### Exercise details
Stop at the line containing "- Denim Magic": write out every line from the beginning of the entries up to and including it, minus the pictures.

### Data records

::::

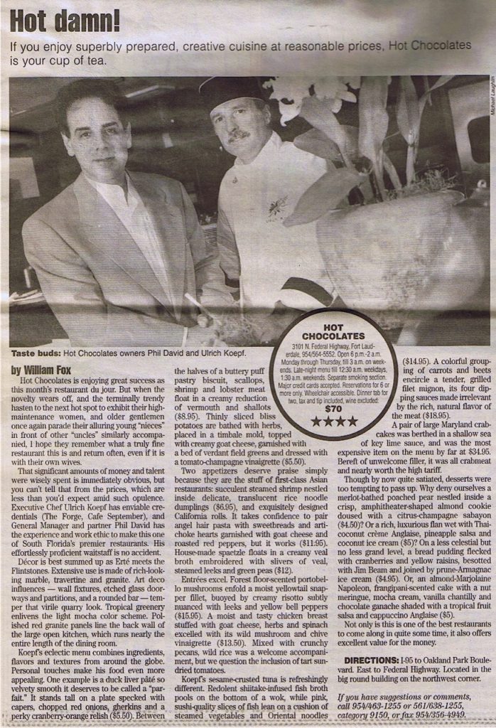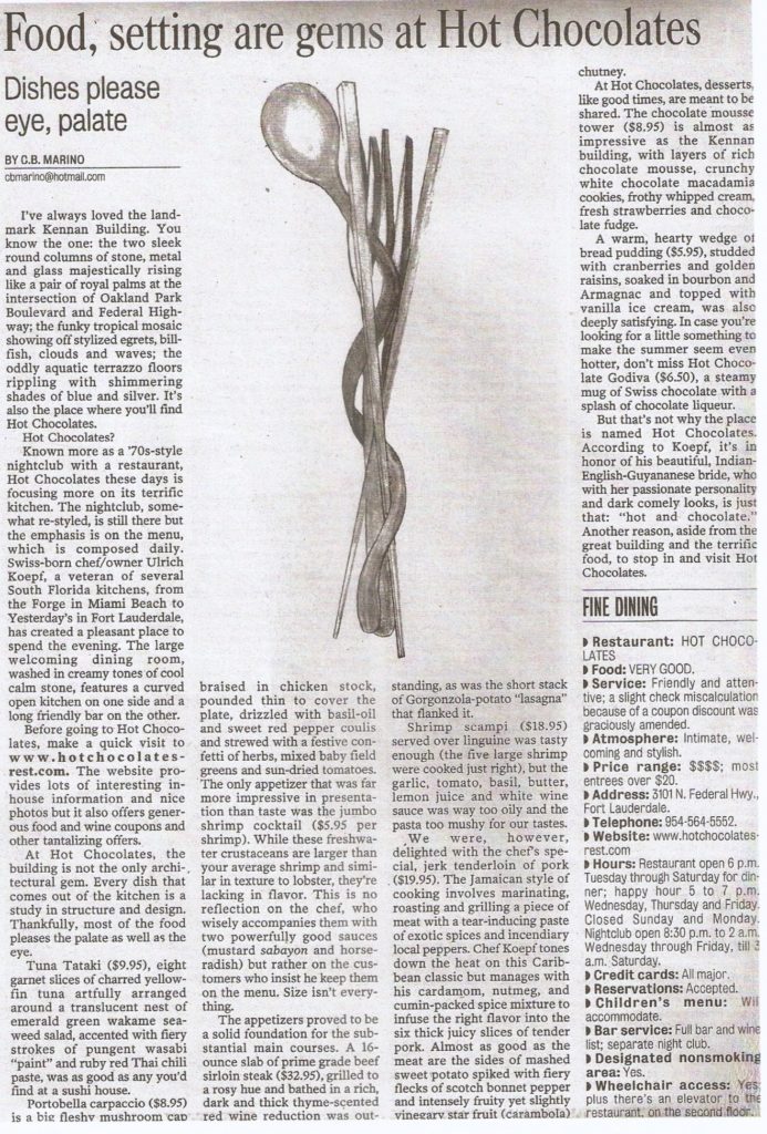 Hot Chocolate does not always have to be a beverage, it can also be a Restaurant and Entertainment-Night Club as this one was. A concept created by Steve Vincent, Back in 1997, this was a project I was involved in with him. Located on the corner of Oakland Park Boulevard and North Federal Highway in Fort Lauderdale, Florida, this hot spot was a great concept featuring an open kitchen, a beautiful Bar & Lounge, and a Private Dining Room for 12 people. Adjacent to the restaurant was a Night Club with a 15-piece live band, the dance floor in the center was surrounded by 3 large bars. We accrued many accolades for the food and service during the 5-year run after that, in 2001, the business was sold.
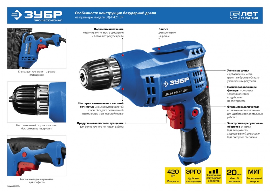 - Электронная регулировка оборотов от малых (для аккуратного засверливания) до высоких (для быстрого сверления)
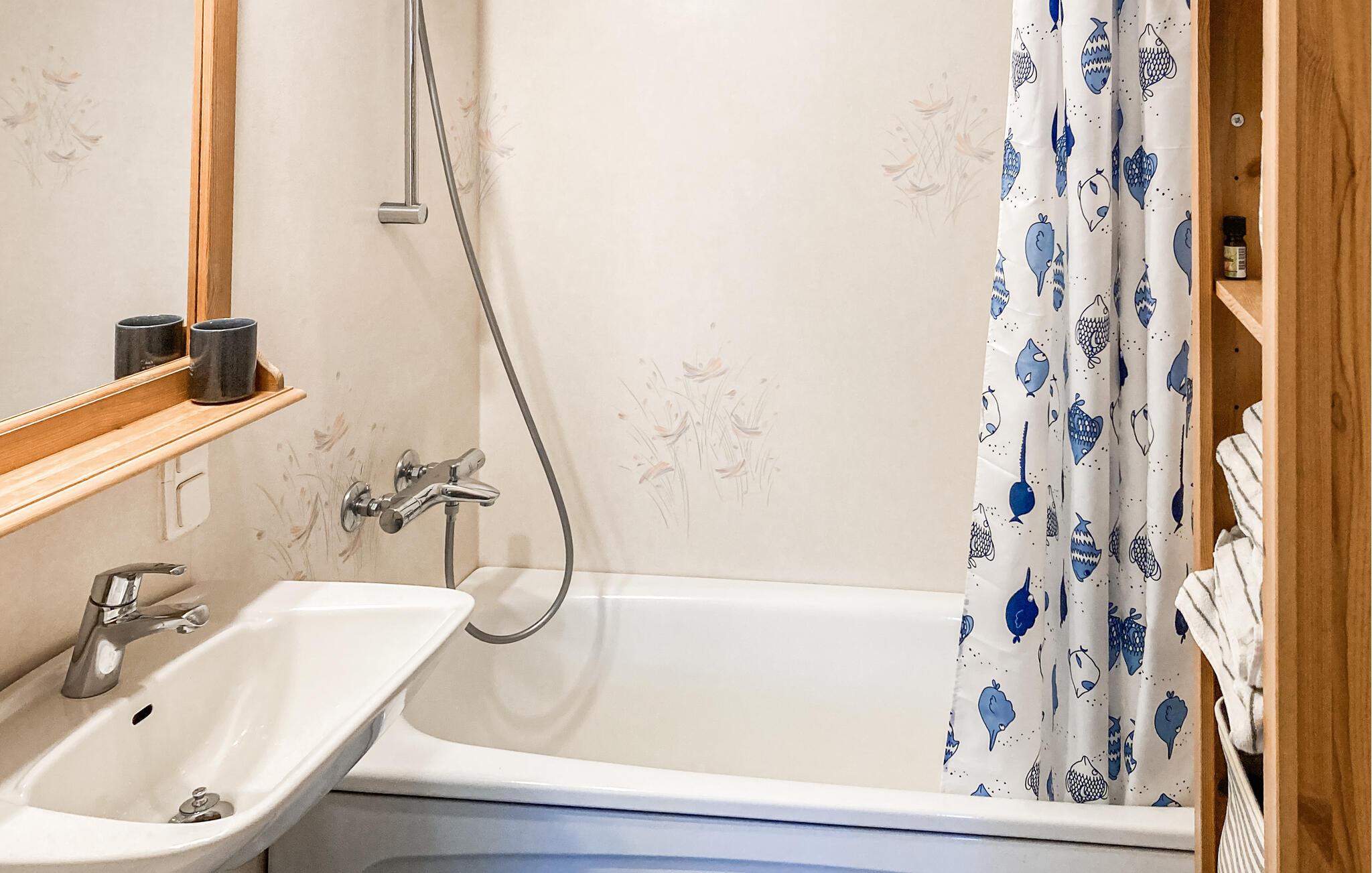 - WC mit warmem und kaltem Wasser, Badewanne
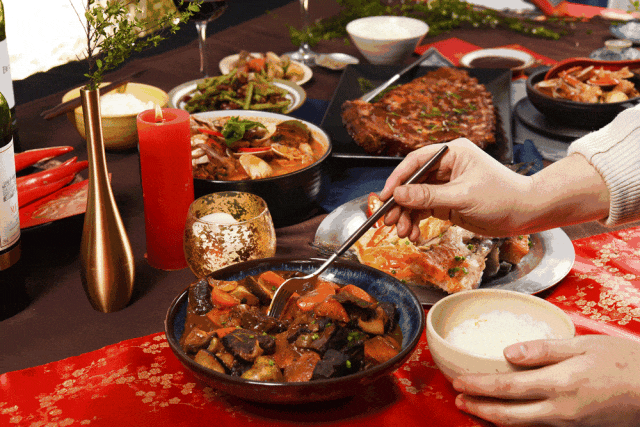 8;10人一桌10菜1汤。因考虑到食品安全问题,一律不代加工食物。
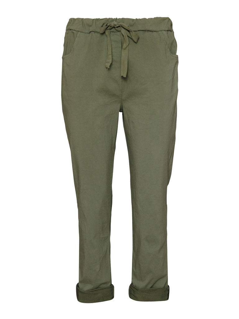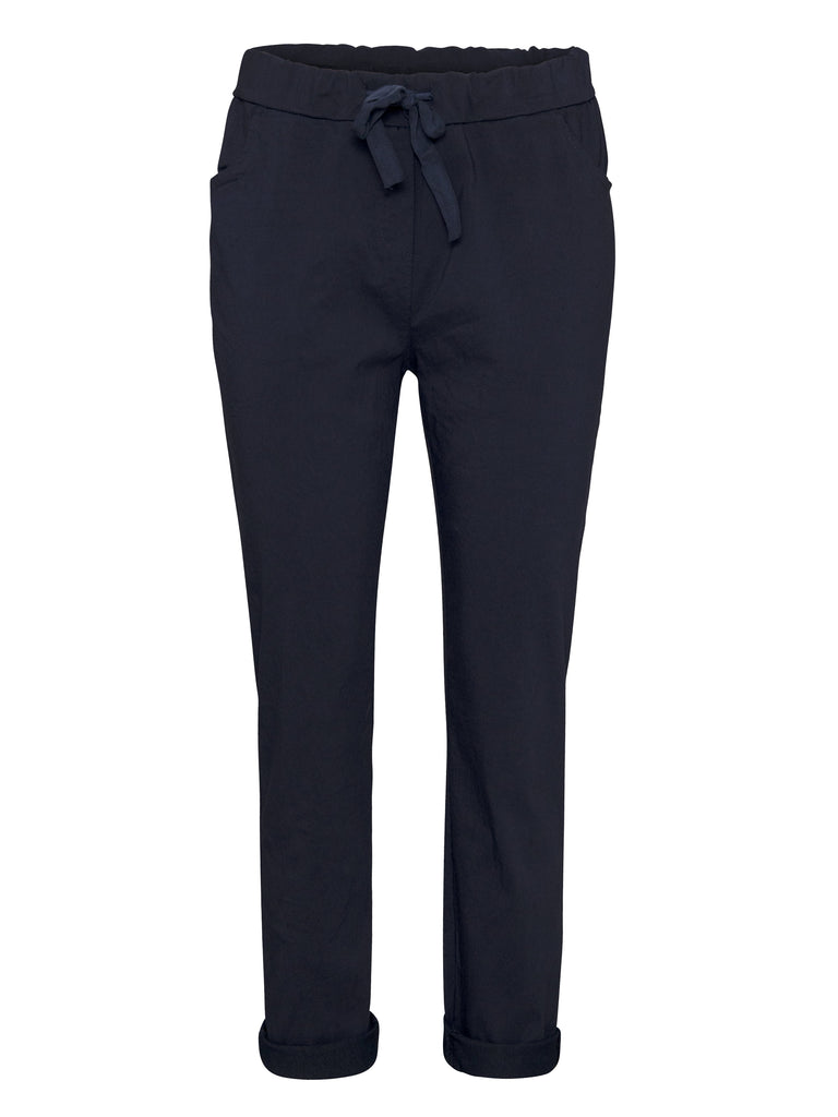 - Denim Magic Pants: The perfect more comfortable replacement to jeans. The stretchy material is designed in a tapered leg with a drawstring waistband to achieve the perfect fit.
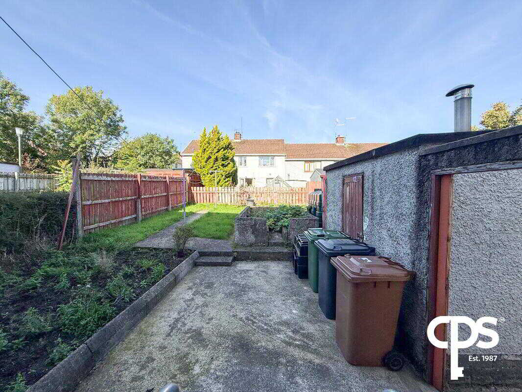 Rear Garden: Enclosed garden with a mix of lawn and concrete patio, plus an outside shed for storage.
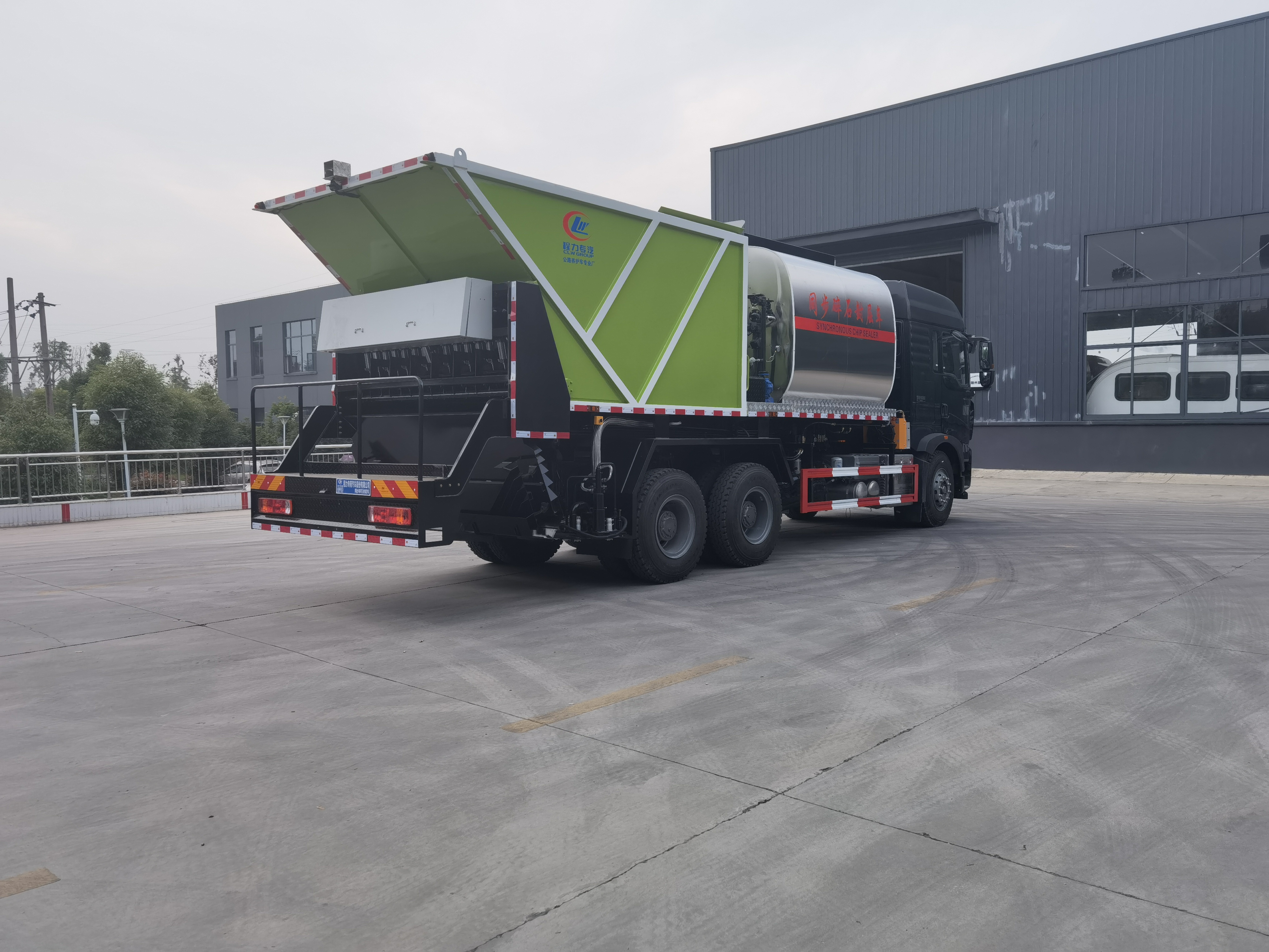 | 主要参数 | CLW5253TFCZ6型同步碎石是由我公司自行研制开发设计,具有自主知识产权的同步碎石封层车。达到了机、电、液合一化操作,设备操作工序得到简化,操作简单,整机技术性已达到世界先进水平。整机性能参数产品型号: CLW5253TFCZ6总 质 量:25000kg整备质量:17100kg外形尺寸:10240×2550×3710mm沥 青 罐:8m³石 料 仓:12m³撒布宽度:4000mm喷嘴间距:125mm沥青撒布量:0.2~1.5kg/m2石料规格 :S3~S24mm加热方式:利雅路柴油燃烧器+导热油自动升温喷洒介质:热沥青、SBS改性沥青、乳化沥青、改性乳沥青。撒布误差:±1.5%。 | ||

::::

### Written response
 Hot Chocolate does not always have to be a beverage, it can also be a Restaurant and Entertainment-Night Club as this one was. A concept created by Steve Vincent, Back in 1997, this was a project I was involved in with him. Located on the corner of Oakland Park Boulevard and North Federal Highway in Fort Lauderdale, Florida, this hot spot was a great concept featuring an open kitchen, a beautiful Bar & Lounge, and a Private Dining Room for 12 people. Adjacent to the restaurant was a Night Club with a 15-piece live band, the dance floor in the center was surrounded by 3 large bars. We accrued many accolades for the food and service during the 5-year run after that, in 2001, the business was sold.
 - Электронная регулировка оборотов от малых (для аккуратного засверливания) до высоких (для быстрого сверления)
 - WC mit warmem und kaltem Wasser, Badewanne
 8;10人一桌10菜1汤。因考虑到食品安全问题,一律不代加工食物。
 - Denim Magic Pants: The perfect more comfortable replacement to jeans. The stretchy material is designed in a tapered leg with a drawstring waistband to achieve the perfect fit.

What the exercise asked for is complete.